Reproduce verbatim all of the data given below, but do not carry over the images.

• [Raw data]

##############################

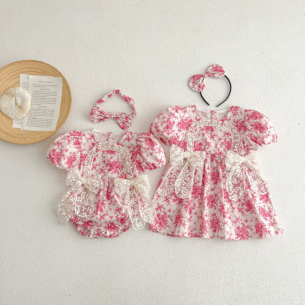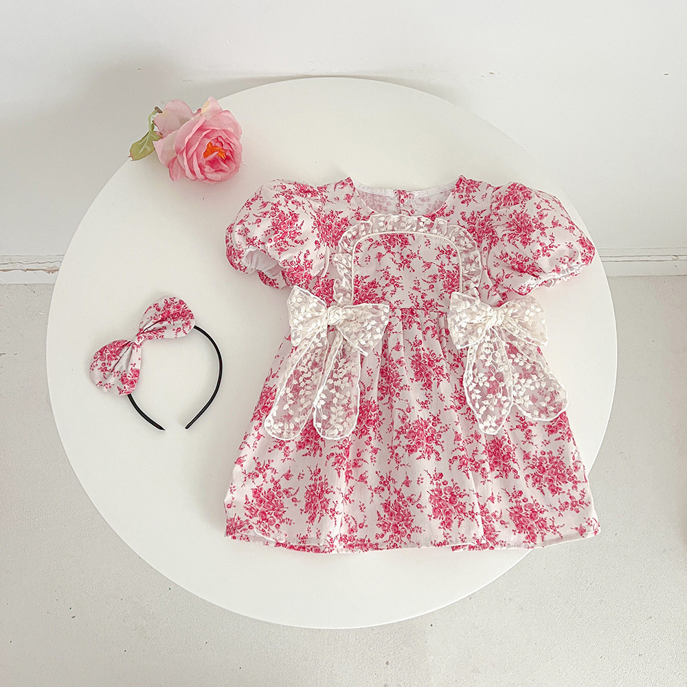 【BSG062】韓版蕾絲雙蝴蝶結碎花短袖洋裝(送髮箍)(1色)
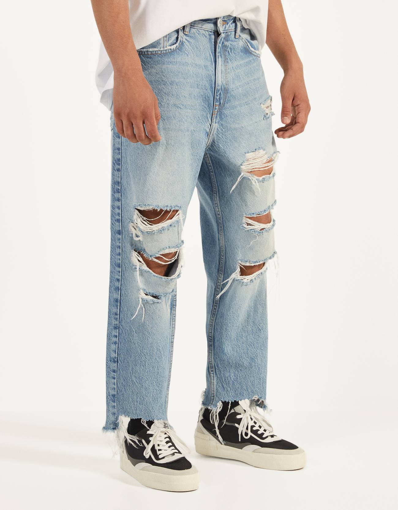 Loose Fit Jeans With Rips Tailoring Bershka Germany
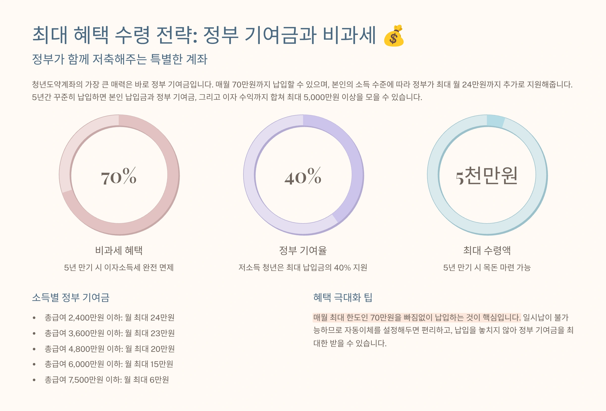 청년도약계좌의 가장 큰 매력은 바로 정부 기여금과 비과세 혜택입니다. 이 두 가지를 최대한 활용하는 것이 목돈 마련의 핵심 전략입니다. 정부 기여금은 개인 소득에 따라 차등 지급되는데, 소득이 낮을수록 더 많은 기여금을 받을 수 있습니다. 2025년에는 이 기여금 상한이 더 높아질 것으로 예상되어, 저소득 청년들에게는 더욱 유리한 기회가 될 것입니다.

##############################

• [Solution to the exercise]
 【BSG062】韓版蕾絲雙蝴蝶結碎花短袖洋裝(送髮箍)(1色)
 Loose Fit Jeans With Rips Tailoring Bershka Germany
 청년도약계좌의 가장 큰 매력은 바로 정부 기여금과 비과세 혜택입니다. 이 두 가지를 최대한 활용하는 것이 목돈 마련의 핵심 전략입니다. 정부 기여금은 개인 소득에 따라 차등 지급되는데, 소득이 낮을수록 더 많은 기여금을 받을 수 있습니다. 2025년에는 이 기여금 상한이 더 높아질 것으로 예상되어, 저소득 청년들에게는 더욱 유리한 기회가 될 것입니다.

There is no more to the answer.